Pedro Almodóvar. Broken Embraces (Los Abrazos Rotos), 2009. Courtesy of El Deseo.
 

On Building Something

by Sina Sohrab

Every day, after I leave the office, I ride the train to the apartment my partner and I have been sharing for the past five years. These days, we’re staying with her parents while we shift the boundaries of our space. I go to check in on things; in the quiet of construction interrupted by the day’s end, I spend an hour weaving through the dust and mark the walls with notes for tomorrow’s work. 

For a long time, I felt that the most successful spaces fell back—that they could be inhabited without thought. It was favorable for them not to ask anything of you, only to serve as a comforting blankness to backdrop everyday life. Lately, though, I’m not so sure; in building a place for our own mundane dramas, I’m seeing more and more that the pleasure of a space isn’t derived from its ability to disappear, but rather from the moments it does allow to appear. Beauty lies within the push and pull of a space; as a result of tension, not reduction. 

The Spanish director Pedro Almodóvar has said of his films, “I don’t want to imitate life in movies; I want to represent it. And in that representation you use the colors you feel.” There’s an echo of this sentiment in the making of a home; there’s more to gain by embracing the feeling of living, the messy serendipity and the overwhelming solitude, than by minimizing it. Perhaps there is opportunity in making space a counterpoint to one’s self—space that can challenge you rather than fall away. 
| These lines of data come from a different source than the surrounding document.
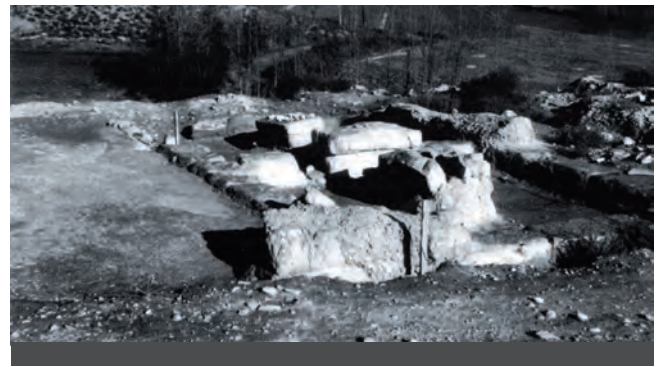
Fig. 7: Excavacions a Raimat II, Fons del Servei d'Arqueologia, Ajuntament de Lleida, imatge 4.

Fotografia N-5. Amb el peu: «Algunes de les peces trobades a Raymat (Nadal)». La fotografia empra com a fons una tela estampada amb motius florals que cobreix un suport i el fons dret, però el fons esquerre és una zona fosca. Al centre hi destaca el gerro sencer de ceràmica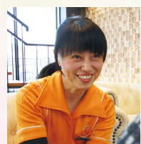
レガロアコンフォート大分中津 入社 4年9ヶ月

今からご予約いただいている方もいらっしゃるので、ご期待に沿えるよう創ってまいります。ご予約お待ちしております。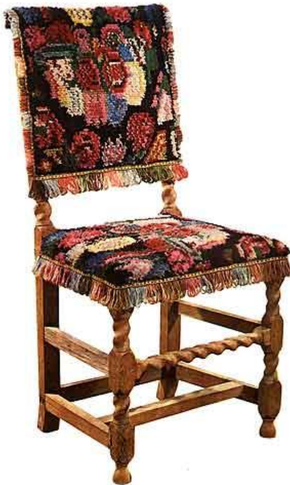
Fig. 1. Barokstol med kopi af det originale betræk i Turkey-work (mus. nr. 63:15).

Forklaringen på det fremmede navn for denne art flosvævning er enkel – næsten klassisk. Det startede med, at tæpper fra Østen eller den nære Orient blev mode i de højere kredse i Frankrig og England i 1500'årene. De tyrkiske mønstre med de kantede omrids [62|63]

In school, I had a painting teacher who would hold up Richard Diebenkorn’s Interior with View of the Ocean and, by balling his hands like a closed oyster, drag our eyes across the room to the yellow streak of light slicing the blue-black hues. Here, he would say, is where the painting lives, in the tension between the colors. He had a point with this that I think I missed for a long time, and have only recently started to appreciate: there is little satisfaction to be found in sober contraction; it is rather found in the tension between silence and expression, as a reflection of some human state.

Sina Sohrab is an industrial designer and researcher based in Madrid, Spain.